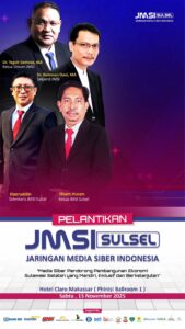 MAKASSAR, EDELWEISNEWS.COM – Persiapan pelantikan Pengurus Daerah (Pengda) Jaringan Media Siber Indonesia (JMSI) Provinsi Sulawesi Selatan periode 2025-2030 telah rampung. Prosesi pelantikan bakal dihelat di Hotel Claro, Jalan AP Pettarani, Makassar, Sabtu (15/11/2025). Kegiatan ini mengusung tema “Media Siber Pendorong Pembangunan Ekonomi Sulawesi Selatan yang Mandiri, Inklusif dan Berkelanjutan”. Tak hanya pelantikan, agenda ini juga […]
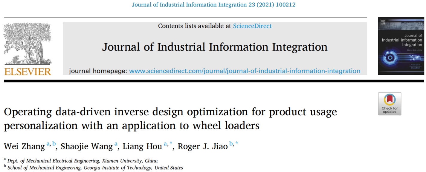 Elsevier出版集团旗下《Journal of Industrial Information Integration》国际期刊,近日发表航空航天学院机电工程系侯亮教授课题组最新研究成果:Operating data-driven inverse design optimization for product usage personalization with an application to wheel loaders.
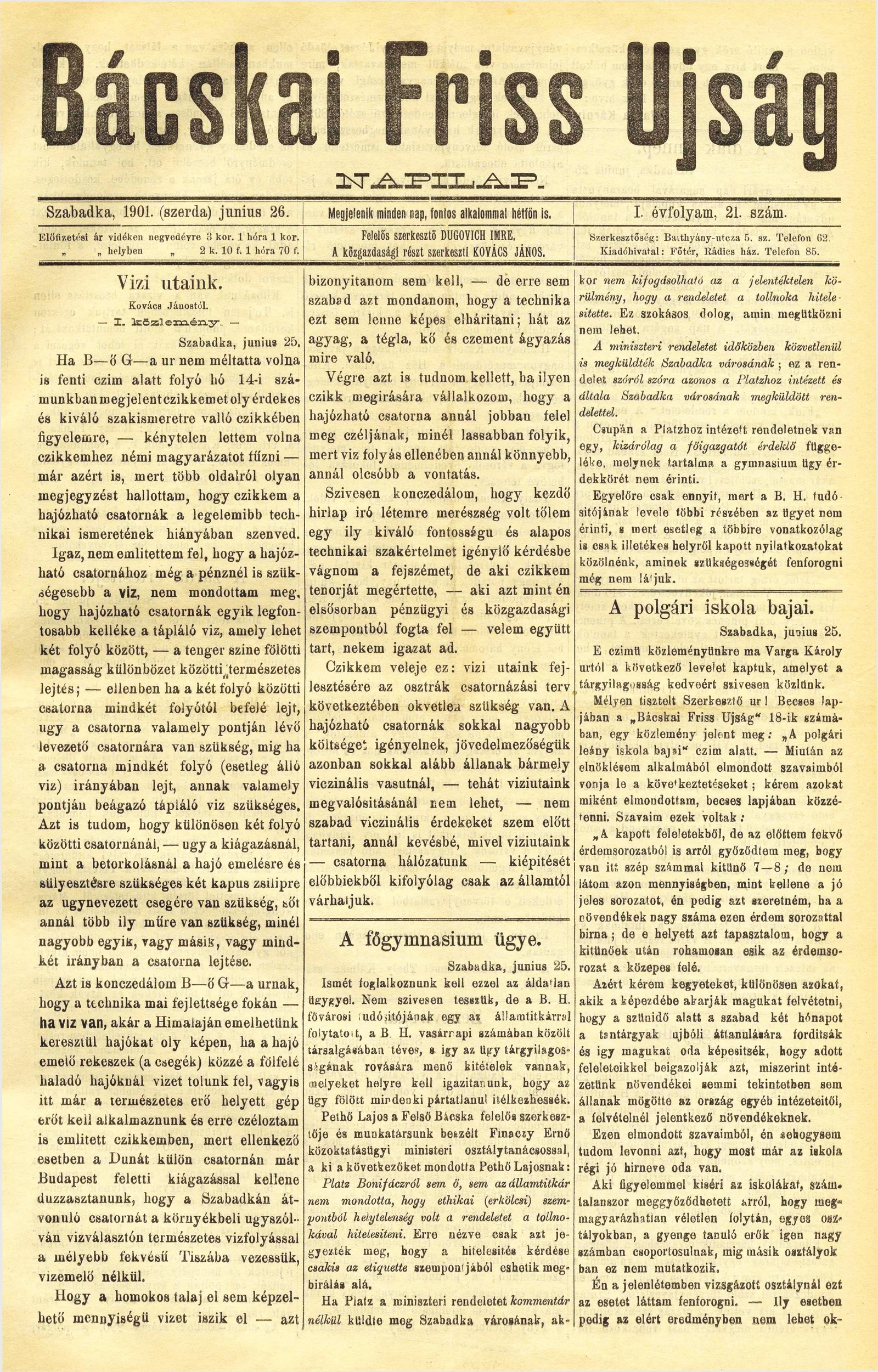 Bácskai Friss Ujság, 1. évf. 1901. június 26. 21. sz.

● Task objective
Please output all of the data exactly as given, omitting any images it holds.

● Result
 MAKASSAR, EDELWEISNEWS.COM – Persiapan pelantikan Pengurus Daerah (Pengda) Jaringan Media Siber Indonesia (JMSI) Provinsi Sulawesi Selatan periode 2025-2030 telah rampung. Prosesi pelantikan bakal dihelat di Hotel Claro, Jalan AP Pettarani, Makassar, Sabtu (15/11/2025). Kegiatan ini mengusung tema “Media Siber Pendorong Pembangunan Ekonomi Sulawesi Selatan yang Mandiri, Inklusif dan Berkelanjutan”. Tak hanya pelantikan, agenda ini juga […]
 Elsevier出版集团旗下《Journal of Industrial Information Integration》国际期刊,近日发表航空航天学院机电工程系侯亮教授课题组最新研究成果:Operating data-driven inverse design optimization for product usage personalization with an application to wheel loaders.
 Bácskai Friss Ujság, 1. évf. 1901. június 26. 21. sz.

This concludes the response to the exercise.